Светлое Небо, о каком сиянии мечтать, если не исчезло главное – необычный след на лице, не сводимый никакой магией! Именно из-за этого ожога каждая престарелая тварь шипела о моем уродстве.
Их бы в наш мир отправить всех скопом, прямиком в салон тату. Тогда бы они поняли, что красота – это всего лишь мода. Мне, Тамаре Коршуновой, охряный след странного ожога даже нравился.
Больше всего он походил на изящную татуировку невиданного хищного цветка-спрута. Необычный «вьюнок» с зазубренными остроконечными листьями-щупальцами уселся на правом виске и пустил жадные щупальца к брови и на скулу.
Правда, никто, кроме меня, не узнавал в ожоге растение, а видели лишь безобразное, как спрут, пятно. Горничная Лисси говорила, что иногда ей кажется, будто «щупальца» шевелятся, и это вгоняло ее в такой страх, что девушка роняла расческу.
«Вьюнок» жил своей жизнью. Иногда ожог невыносимо зудел, чуть-чуть подрастал или, наоборот, уменьшался в размерах. Иногда кожу на правом виске стягивало холодом или обдавало жаром. Рисунок веточек слегка менялся, выползал то на лоб, то на скулу. И это пугало – не хотелось, чтобы лицо превратилось в подобие карнавальной маски.

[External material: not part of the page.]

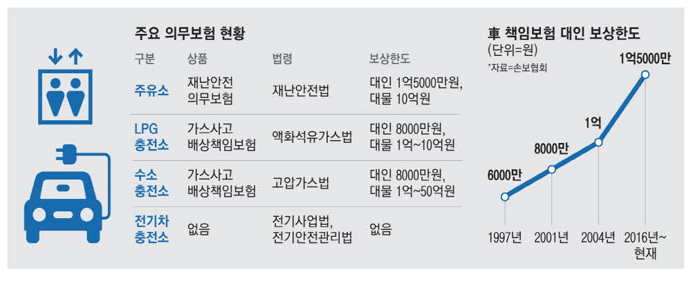 올 들어 화재·폭발,침수 등 대형 사고가 잇따르고 있지만 가스시설 등 일상과 밀접한 재난취약시설에서 인명피해를 대비해 가입하는 재난배상책임보험의 보상한도가 턱없이 낮은 것으로 나타났다. 주무부처가 관련 법령을 개정하지 않아 가스 사고와 승강기 안전사고 등의 보상한도가 행정안전부 권고의 절반 수준에 머물러 있다. 최근에는 전기차 안전 대책의 일환으로 전기차 충전시설도 배상책임보험 가입을 의무화해야 한다는 목소리가 높아지고 있다.

Целители только руками разводили – никогда с таким не сталкивались. И как избавить от устрашающего украшения, которым не пристало щеголять благородным девицам, не знали. Единственное, что они могли рекомендовать, – носить маску. Они бы еще паранджу мне предложили!
Я не прятала ожог, а всячески демонстрировала и требовала у Лисси, чтобы она мне забирала волосы в пучок.
– Мой ожог не уродливее, чем ваши морщины, тетушка, – парировала я. – А что до воспитания, то мне просто не с кого брать пример за этим столом.
– Тварь! – взвизгнула баронесса.
Потеряв к ней интерес, я повернулась к опекуну. Всегда садилась за стол так, чтобы этому безмозглому шкафу портил аппетит мой «вьюнок».
– Я задала вопрос, на него никто не ответил. За кого вы выдаете меня замуж, братец? Какой дурак позарился на «уродливую невоспитанную дикарку»? Надеюсь, он достаточно богат и знатен?
По квадратной морде Ирвина поползла не просто злорадная, а какая-то плотоядная усмешка.
– Не беспокойся, сестрица. И богат, и знатен. Так богат, что ему чихать на твое приданое. Наследство графа Барренса останется под моим управлением до твоего совершеннолетия, а это еще три года, дорогая. Примерь колечко.
Опекун раскрыл коробочку, и алмазные блики, казалось, осветили всю столовую. Баронесса алчно всхлипнула и подалась вперед, челюсть ее задрожала, а в хриплом стоне прозвучало неподдельное сладострастие:
– О-о-о!
– Не похоже, что бриллиант настоящий, – с подозрением прищурилась я. Такими огромными в моем представлении могли быть только дешевки-фианиты в вульгарных подделках.
– У камня есть магический сертификат, – обиделся опекун, словно сам выбирал это ужасное кольцо, и даже продемонстрировал бирку, которая переливалась маленькой радугой.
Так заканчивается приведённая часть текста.